● Assignment
Go through the data and copy each line where the string "dans" appears.

● Records provided
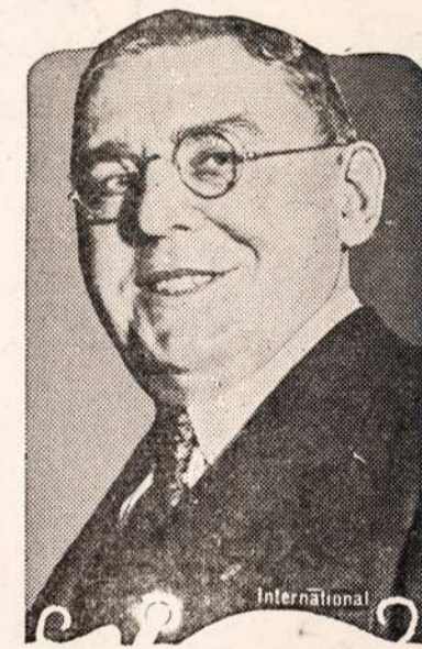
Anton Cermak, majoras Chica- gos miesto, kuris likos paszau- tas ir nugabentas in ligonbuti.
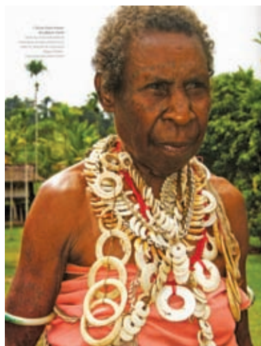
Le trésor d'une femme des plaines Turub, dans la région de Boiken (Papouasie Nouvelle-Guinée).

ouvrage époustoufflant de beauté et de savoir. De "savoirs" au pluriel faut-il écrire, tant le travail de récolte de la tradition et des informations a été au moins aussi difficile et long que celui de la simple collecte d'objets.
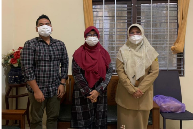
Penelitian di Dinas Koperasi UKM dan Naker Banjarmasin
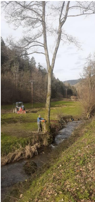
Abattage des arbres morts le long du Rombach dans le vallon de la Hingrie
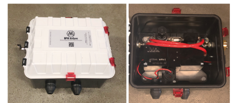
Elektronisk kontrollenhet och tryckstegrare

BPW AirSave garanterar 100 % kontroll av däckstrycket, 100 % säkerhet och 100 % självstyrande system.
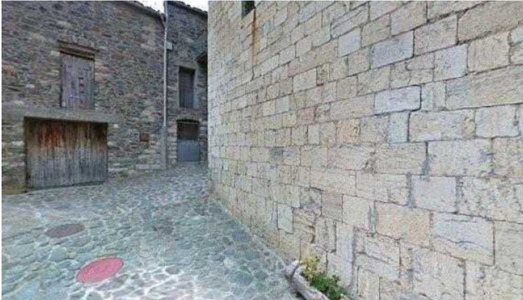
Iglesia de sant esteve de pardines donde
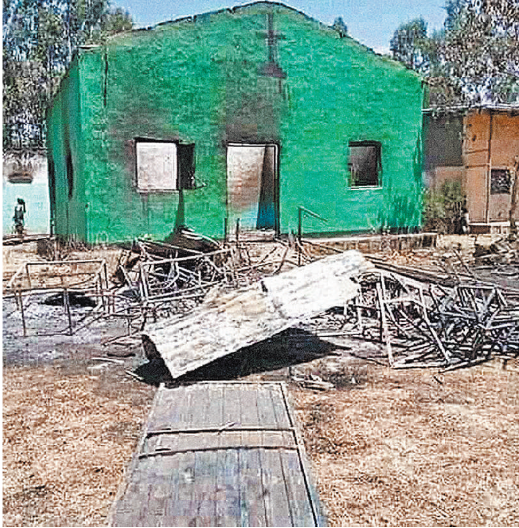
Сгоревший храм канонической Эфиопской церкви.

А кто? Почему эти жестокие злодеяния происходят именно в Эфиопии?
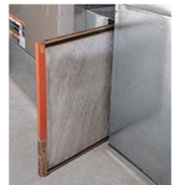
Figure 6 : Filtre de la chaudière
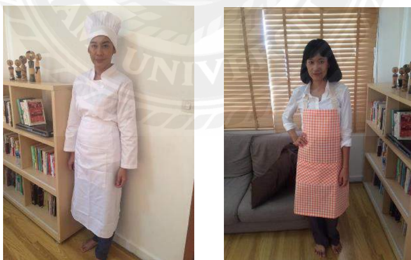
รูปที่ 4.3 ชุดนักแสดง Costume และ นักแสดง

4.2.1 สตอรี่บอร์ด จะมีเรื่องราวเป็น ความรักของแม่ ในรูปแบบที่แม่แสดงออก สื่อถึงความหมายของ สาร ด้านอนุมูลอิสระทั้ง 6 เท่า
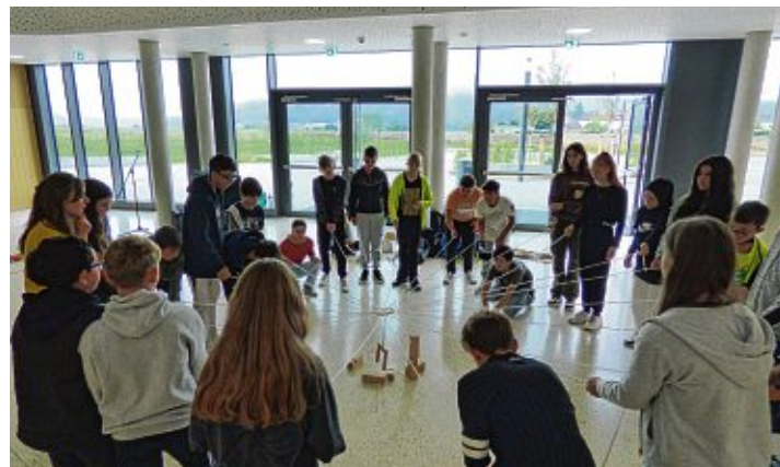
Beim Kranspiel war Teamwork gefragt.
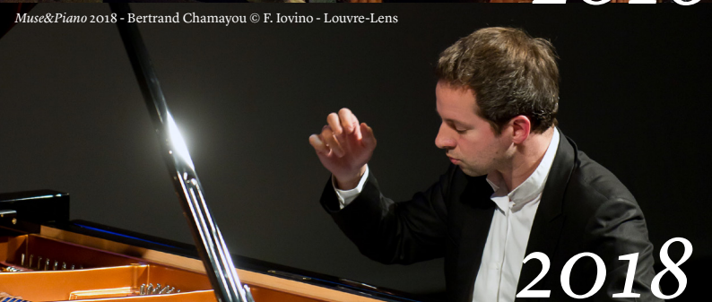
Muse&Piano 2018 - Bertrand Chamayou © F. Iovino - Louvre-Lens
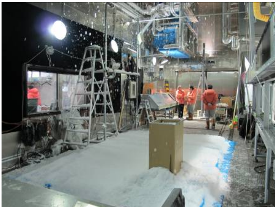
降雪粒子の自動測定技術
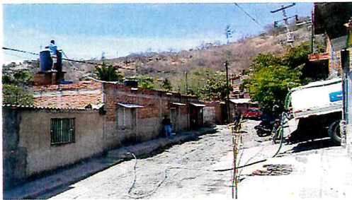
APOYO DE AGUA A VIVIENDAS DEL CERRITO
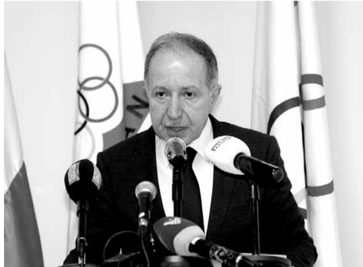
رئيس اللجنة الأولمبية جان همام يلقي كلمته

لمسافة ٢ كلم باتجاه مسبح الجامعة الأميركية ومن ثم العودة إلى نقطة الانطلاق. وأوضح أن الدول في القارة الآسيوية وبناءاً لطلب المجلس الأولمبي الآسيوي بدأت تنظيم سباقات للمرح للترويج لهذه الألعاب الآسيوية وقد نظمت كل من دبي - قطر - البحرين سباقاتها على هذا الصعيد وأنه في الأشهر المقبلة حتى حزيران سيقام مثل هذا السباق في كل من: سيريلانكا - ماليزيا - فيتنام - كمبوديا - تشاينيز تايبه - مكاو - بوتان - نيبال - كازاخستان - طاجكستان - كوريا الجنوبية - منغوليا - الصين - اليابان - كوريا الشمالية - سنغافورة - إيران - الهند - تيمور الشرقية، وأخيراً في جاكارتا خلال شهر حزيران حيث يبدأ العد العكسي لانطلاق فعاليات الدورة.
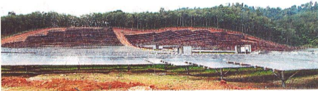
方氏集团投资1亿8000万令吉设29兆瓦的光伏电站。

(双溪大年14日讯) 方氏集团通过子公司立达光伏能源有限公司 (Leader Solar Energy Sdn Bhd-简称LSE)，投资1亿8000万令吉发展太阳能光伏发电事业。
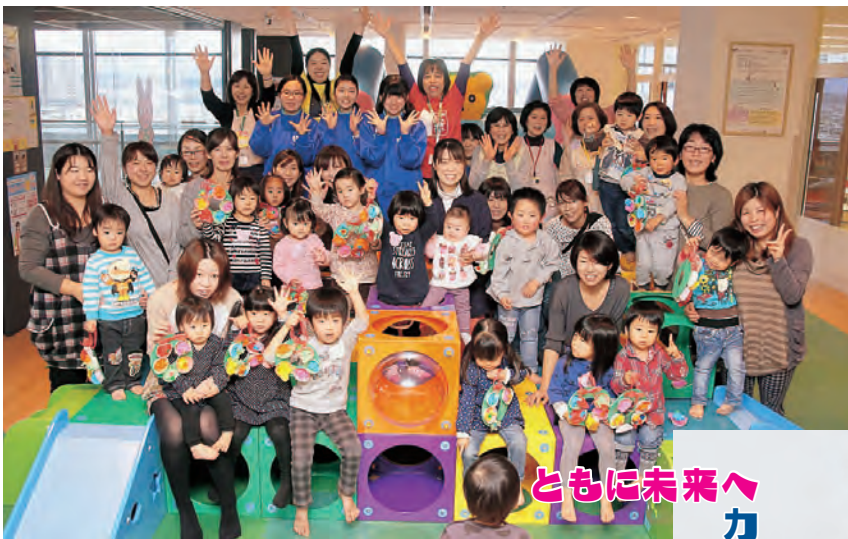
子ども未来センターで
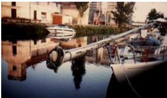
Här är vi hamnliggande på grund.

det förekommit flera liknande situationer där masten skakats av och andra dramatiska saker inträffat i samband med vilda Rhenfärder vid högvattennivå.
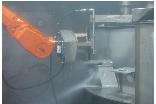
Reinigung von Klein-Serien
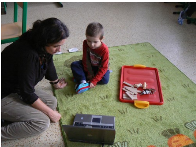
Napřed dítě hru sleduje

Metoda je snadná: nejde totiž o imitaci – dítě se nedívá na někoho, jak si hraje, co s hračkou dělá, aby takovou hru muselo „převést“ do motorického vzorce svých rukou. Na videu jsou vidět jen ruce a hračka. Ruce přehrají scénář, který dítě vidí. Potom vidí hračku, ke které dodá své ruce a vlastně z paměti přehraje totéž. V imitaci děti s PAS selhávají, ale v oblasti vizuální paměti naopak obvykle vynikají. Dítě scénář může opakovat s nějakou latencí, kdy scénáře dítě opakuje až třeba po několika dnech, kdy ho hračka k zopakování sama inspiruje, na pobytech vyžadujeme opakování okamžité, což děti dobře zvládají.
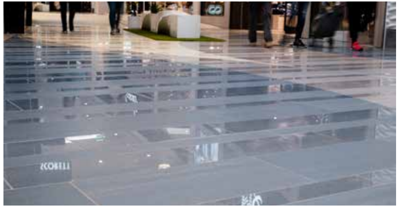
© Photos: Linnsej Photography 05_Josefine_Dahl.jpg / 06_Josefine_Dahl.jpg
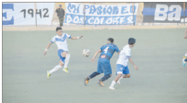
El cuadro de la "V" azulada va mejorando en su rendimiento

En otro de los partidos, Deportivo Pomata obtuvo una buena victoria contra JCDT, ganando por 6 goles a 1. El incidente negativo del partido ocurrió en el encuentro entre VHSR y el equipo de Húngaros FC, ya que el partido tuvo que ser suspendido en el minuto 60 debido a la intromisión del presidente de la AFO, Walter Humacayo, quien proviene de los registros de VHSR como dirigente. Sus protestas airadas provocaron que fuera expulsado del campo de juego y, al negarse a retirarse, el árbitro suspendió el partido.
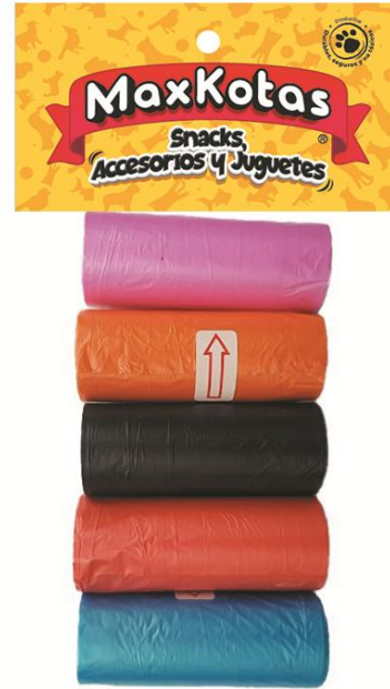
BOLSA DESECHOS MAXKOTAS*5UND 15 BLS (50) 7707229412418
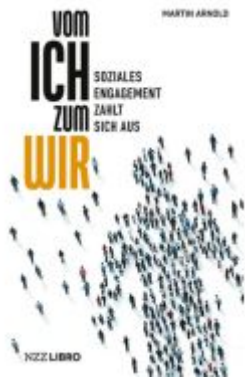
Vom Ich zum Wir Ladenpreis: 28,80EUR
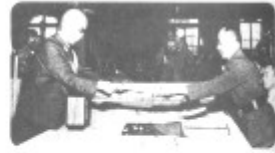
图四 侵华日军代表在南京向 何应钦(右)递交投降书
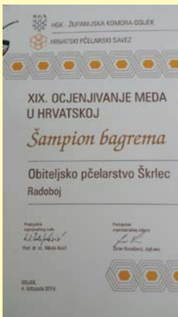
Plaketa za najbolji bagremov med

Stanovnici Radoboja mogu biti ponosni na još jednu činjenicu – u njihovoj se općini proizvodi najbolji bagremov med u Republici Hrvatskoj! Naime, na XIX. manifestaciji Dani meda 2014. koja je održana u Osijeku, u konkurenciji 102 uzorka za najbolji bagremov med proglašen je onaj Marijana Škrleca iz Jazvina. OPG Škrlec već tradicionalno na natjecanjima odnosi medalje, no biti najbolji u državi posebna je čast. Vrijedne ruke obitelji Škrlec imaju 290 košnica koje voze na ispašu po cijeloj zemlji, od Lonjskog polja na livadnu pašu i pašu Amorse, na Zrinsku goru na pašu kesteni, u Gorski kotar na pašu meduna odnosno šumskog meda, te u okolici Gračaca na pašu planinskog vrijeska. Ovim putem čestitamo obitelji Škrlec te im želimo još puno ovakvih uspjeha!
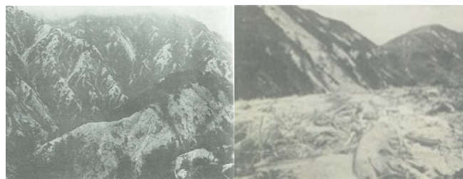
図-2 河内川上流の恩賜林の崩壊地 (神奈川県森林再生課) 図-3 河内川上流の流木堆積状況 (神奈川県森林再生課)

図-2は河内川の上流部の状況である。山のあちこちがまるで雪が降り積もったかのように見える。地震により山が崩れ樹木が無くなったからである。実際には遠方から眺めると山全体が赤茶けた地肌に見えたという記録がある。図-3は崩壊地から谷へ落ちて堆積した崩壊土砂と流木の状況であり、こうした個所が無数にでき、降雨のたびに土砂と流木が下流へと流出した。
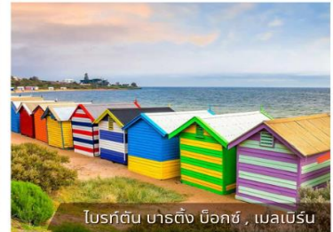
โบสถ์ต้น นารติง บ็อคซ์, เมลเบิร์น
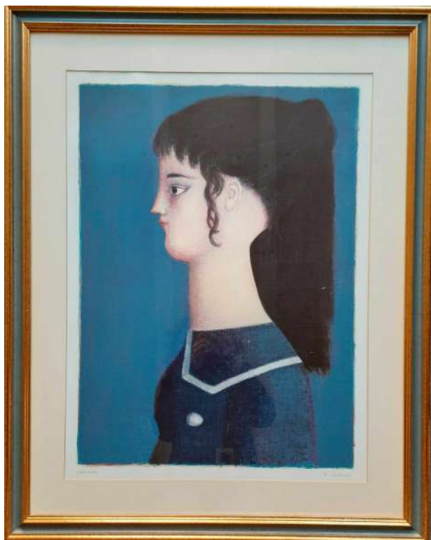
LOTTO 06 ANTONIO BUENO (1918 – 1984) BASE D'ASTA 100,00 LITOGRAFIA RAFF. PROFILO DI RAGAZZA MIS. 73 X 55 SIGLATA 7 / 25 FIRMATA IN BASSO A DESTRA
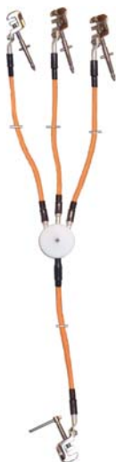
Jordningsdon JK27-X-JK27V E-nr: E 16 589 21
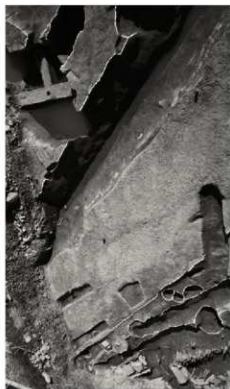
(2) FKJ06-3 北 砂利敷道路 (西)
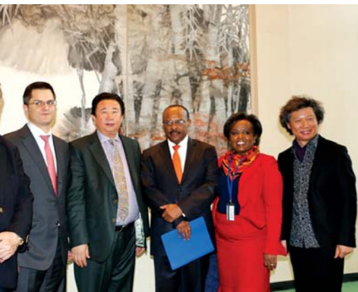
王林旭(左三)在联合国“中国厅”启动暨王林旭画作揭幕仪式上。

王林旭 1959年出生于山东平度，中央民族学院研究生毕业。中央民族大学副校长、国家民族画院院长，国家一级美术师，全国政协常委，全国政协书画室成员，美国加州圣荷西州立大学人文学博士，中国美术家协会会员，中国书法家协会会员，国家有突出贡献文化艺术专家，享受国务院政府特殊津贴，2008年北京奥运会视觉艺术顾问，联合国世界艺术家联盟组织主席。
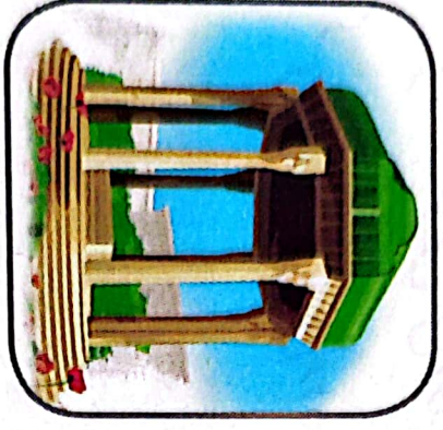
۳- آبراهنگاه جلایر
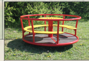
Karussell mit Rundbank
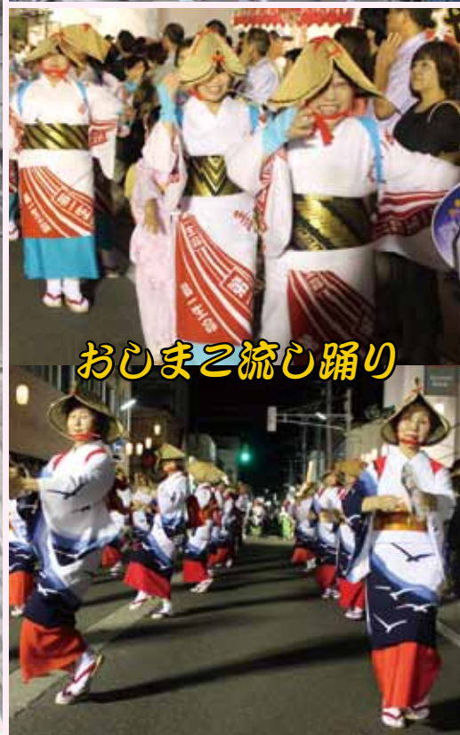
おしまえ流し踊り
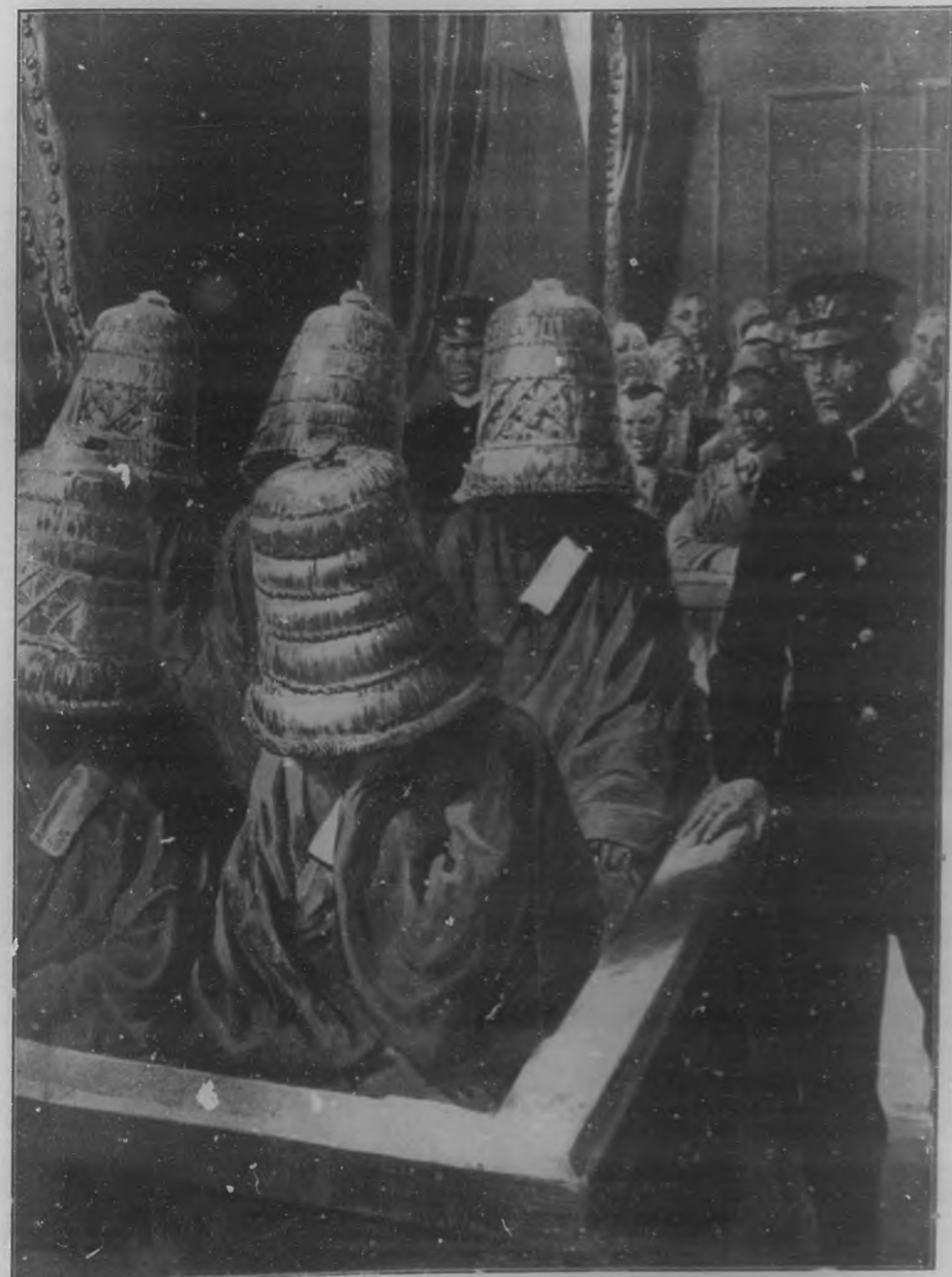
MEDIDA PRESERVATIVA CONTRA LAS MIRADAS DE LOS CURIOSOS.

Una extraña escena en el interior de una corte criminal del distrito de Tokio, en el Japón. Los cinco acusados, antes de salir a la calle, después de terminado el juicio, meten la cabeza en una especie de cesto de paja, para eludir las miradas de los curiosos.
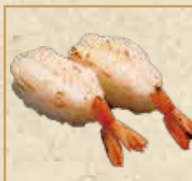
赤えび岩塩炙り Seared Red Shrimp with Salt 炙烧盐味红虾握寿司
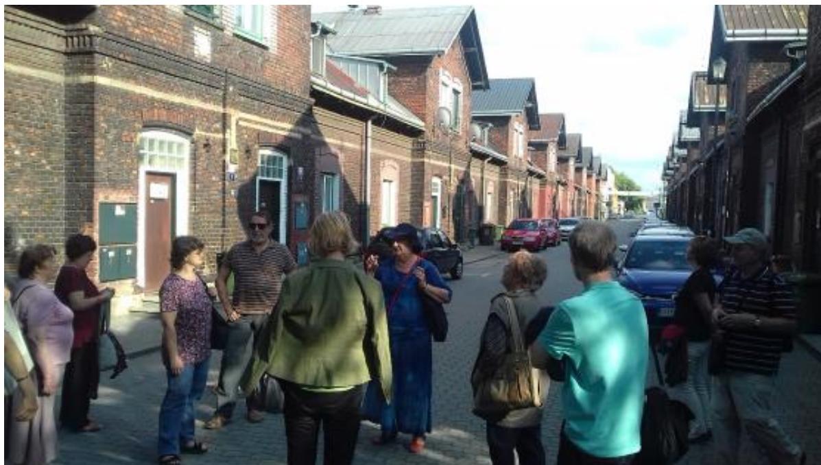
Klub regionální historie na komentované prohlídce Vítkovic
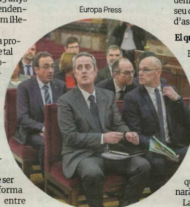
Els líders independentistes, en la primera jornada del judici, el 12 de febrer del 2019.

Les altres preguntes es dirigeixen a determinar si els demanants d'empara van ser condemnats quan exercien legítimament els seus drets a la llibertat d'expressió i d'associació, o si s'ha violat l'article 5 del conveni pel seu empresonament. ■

● Answer below
Le trésor d'une femme des plaines Turub, dans la région de Boiken (Papouasie Nouvelle-Guinée).
Abattage des arbres morts le long du Rombach dans le vallon de la Hingrie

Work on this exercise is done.